Fleeing inside, slamming into the sliding-glass door that led to the deck, Mindy began to hyperventilate. Within two more steps her nose began to bleed.

"Oh, God," she said, recalling what Dr. Moeller, the psychotherapist, had told her to do.

Stretching herself out on the oak floor of the living room, she was at once attacked by her golden toy poodle, Ringo.

Liking blood, the dog began to lap at her nose, his quick pink tongue sandpaper-rough on her face.

"Oh, please Ringo. I don't need any more grief," she said, trying to push the dog away.

But even this much movement caused her nose to spurt more red blood, so that all she could do was back-down, and let Ringo have at her.

"She's alive," Mindy said miserably. "We killed her, we buried her two hundred miles from here, but she's alive. Do you hear that, Ringo? She's alive!"

Ringo just continued to yip and lick her face.

Once Jenny was in her arms, Diane knelt next to the small girl for a closer look at her. Dirt darkened Jenny's face and smudged her white blouse, jeans, and Reeboks. Her blond hair was a bird's nest of tiny leaves. She looked as if she'd been traveling for days. But kneeling there in the clearing, the sun warm on her back, Diane was far more disturbed by Jenny's eyes, a blank blue that suggested shock.

"Where did you come from, Jenny?"

Jenny's gaze registered understanding but she said nothing, just stared at Diane.
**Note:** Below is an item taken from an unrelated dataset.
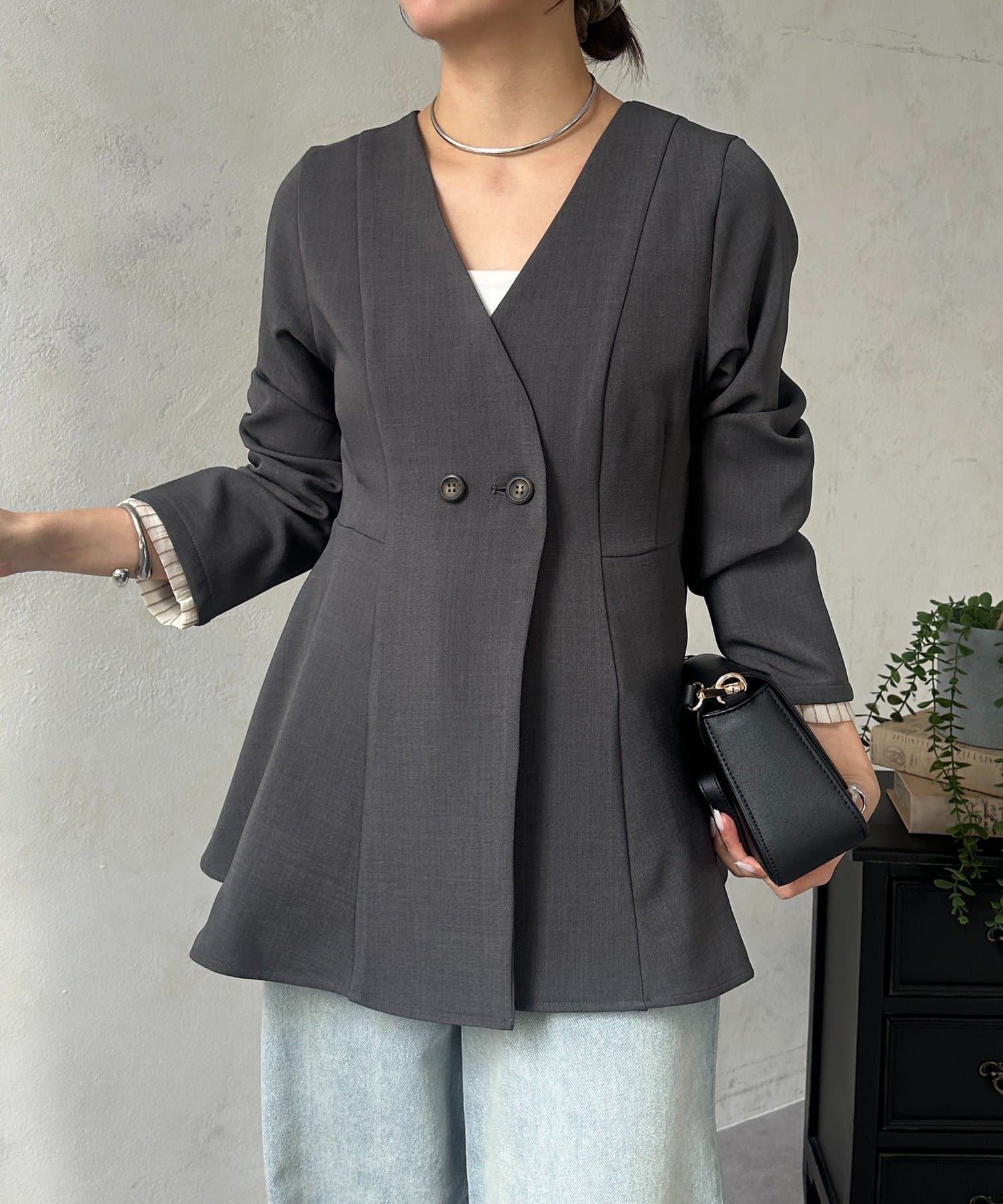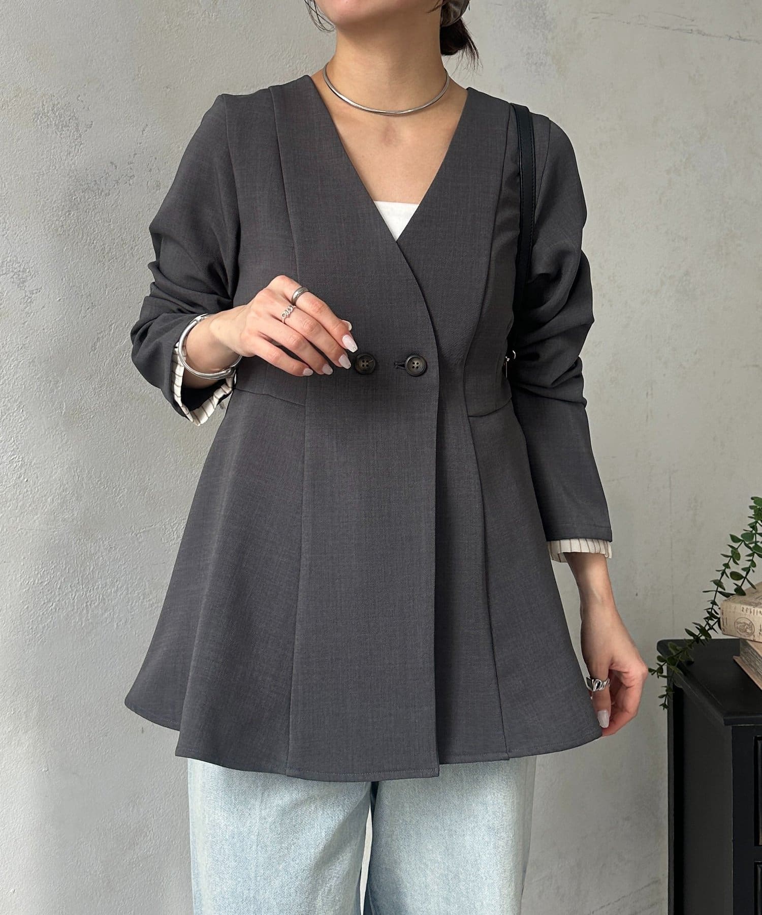 TOP > Thevon. > レディース > ジャケット/アウター > テーラードジャケット > Vネックペプラムジャケット

"Why don't we go tell Mindy you're home? Do you know how happy she'll be?"

Diane rose and took Jenny's fragile hand, starting to lead her toward the McCay property.

Jenny's grip suddenly became iron. She jerked on Diane's hand, pulling Diane back.
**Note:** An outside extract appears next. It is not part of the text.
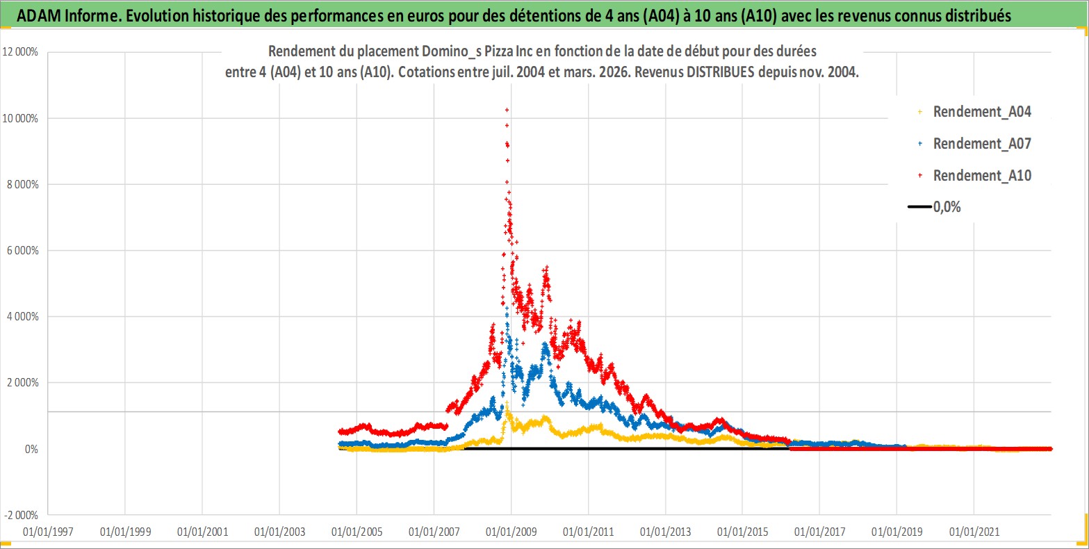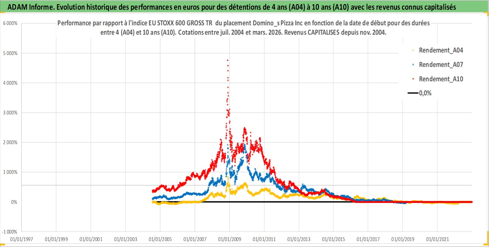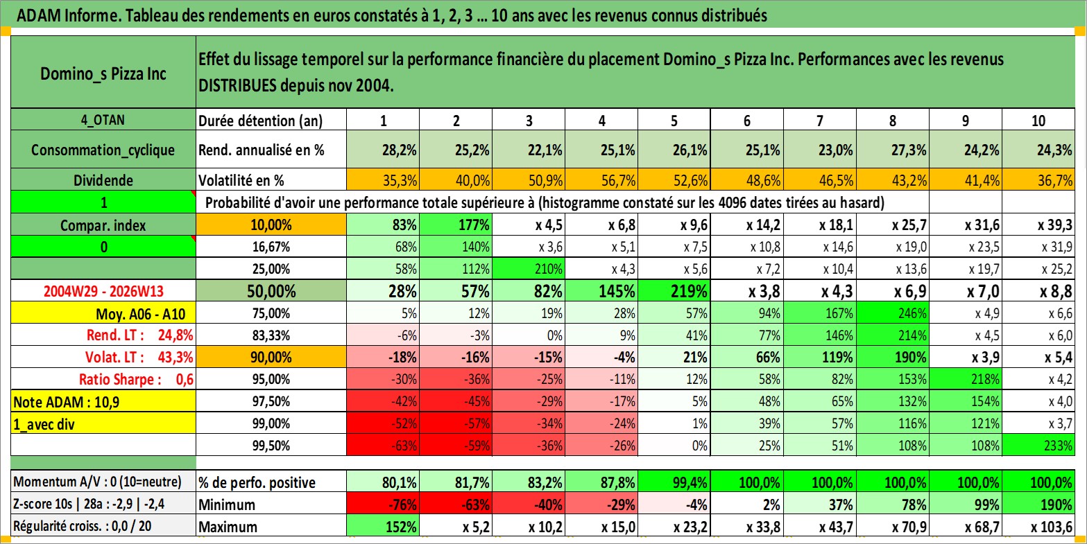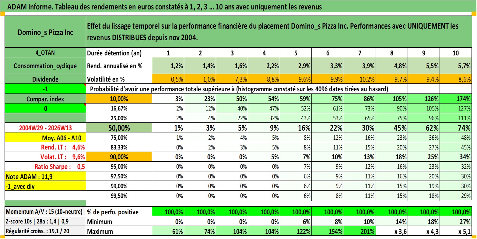 Site dédié aux investisseursPage dédiée sur site financeAnalyse des valorisations hebdomadaires de l'action Domino_s Pizza Inc. Cet actif est cote en USD. Les valorisations sont en contrevaleur EURO et couvrent les semaines 2004W29 a 2026W13. Les revenus de cet actif financier sont pris en compte depuis la semaine 2004W49. La note globale ESG de cet actif est estimee a 5.0 (apres rebasage entre 0 et 20).

"You don't want to go home? You don't want to see your sister?" Diane asked.

With the severe blue gaze unchanged, Jenny shook her head.

"Where do you want to go, then?" Diane said, her glee having turned abruptly to a curious exasperation.

With her free hand, Jenny pointed to the house: Diane's house.

"Do you have any idea how many people were looking for you? The TV stations estimated that more than one thousand people joined the search one Saturday. And that wasn't counting the police and the State Patrol and the State Bureau of Investigation." Diane said all this as they stood in the bathroom. She washed Jenny's face and hands with a soft pink washcloth soaked in warm, soapy water. "They searched parks and farmland and the clay hills to the north and they put your picture in all the supermarkets and sports arenas and department stores. And once a night, there was an update about you." Diane frowned. "I hate to say this, Jenny, but everybody started believing that you were dead. They just assumed that your kidnappers had gotten scared and murdered you."